Weaver brothers together again

Updated: February 16, 2006, 6:21 PM ET
Associated Press

TEMPE, Ariz. -- There was a time when Jeff Weaver didn't want to spend time with his little brother, Jered.

As so often happens when people get older, that's no longer the case.

Now that Jeff has agreed to terms with the Los Angeles Angels, the two are together again. And it was Jered providing encouraging words to big brother.

"It's one of the only times that we're ever going to get to play together," the 23-year-old Jered said Thursday -- a day after Jeff joined him as a member of the Angels.

"We've never even been on the same field or played together at any time in our lives," Jered added. "It's exciting for me to have my first spring training with my brother at my side."

Jeff, 29, figures to fill the third spot in the Angels' rotation -- behind AL Cy Young award winner Bartolo Colon and John Lackey. Jeff agreed to a one-year contract worth $8.325 million and can earn an additional $600,000 in performance bonuses.

The elder Weaver went 14-11 with a 4.22 ERA in 34 starts for the Los Angeles Dodgers last season, earning $9.35 million in the final season of a four-year contract.

The addition of the Jeff Weaver will likely create a dogfight this spring between Ervin Santana, Hector Carrasco and Kelvim Escobar for the remaining two spots in the Angels' starting rotation, unless someone else, like Jered, manages to win a spot.

Jered is considered one of baseball's best young pitching prospects, and hopes to become a member of the Angels' rotation in the near future.
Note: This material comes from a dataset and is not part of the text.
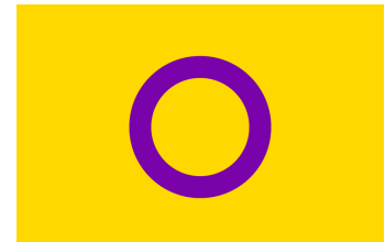
Intersex Pride Flag Person born with ambiguous genitalia

Don't assume someone's identity based on their presentation.

The addition of his brother will make it tougher for Jered to make the big-league roster, but that's OK with him.

"I'm just going to do what I do and, hopefully, they like what they see and stick me where I belong," he said.

Jered was the 12th overall pick in the 2004 amateur draft, falling to that spot because of the fear that agent Scott Boras wanted too much money for his client.
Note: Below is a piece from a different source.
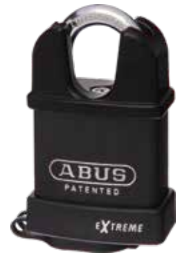
ABUS Padlock KD 8mm Dia Nano Plated Closed Shackle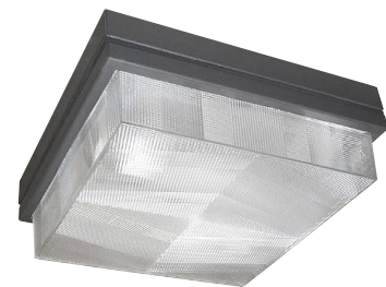
Drop Square (DS) Lens & Back Box (BB) Options

In fact, the Angels signed Weaver almost a year after he was drafted -- shortly before a deadline to reach an agreement or he would have re-entered the draft.
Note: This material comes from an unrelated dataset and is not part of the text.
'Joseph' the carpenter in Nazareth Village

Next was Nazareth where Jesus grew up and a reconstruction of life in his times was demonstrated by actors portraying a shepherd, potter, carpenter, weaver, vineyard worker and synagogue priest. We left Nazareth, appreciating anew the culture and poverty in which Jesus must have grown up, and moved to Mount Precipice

Boras negotiated Jeff's contract, and the pitcher downplayed his agent's role in lengthening his time as a free agent this past offseason, maintaining his determination to work out a deal with the Dodgers damaged his chances of signing a longer-term contract with another team.

Jeff said other teams including a contender he wouldn't identify offered multiyear deals, but in the end it was a chance at winning and playing with his brother that made the difference.

"I had a few talks with my brother and made sure I wasn't stepping on his toes," Jeff said. "People think it's an easy decision to just come and play with your brother, but I know he's worked hard to get up to the big leagues and find himself a spot.

"Obviously, it was another selling point for me. It would be unreal, kind of surreal, to be on the same field with him. To compete with him at the highest level would be a dream. It would be awesome."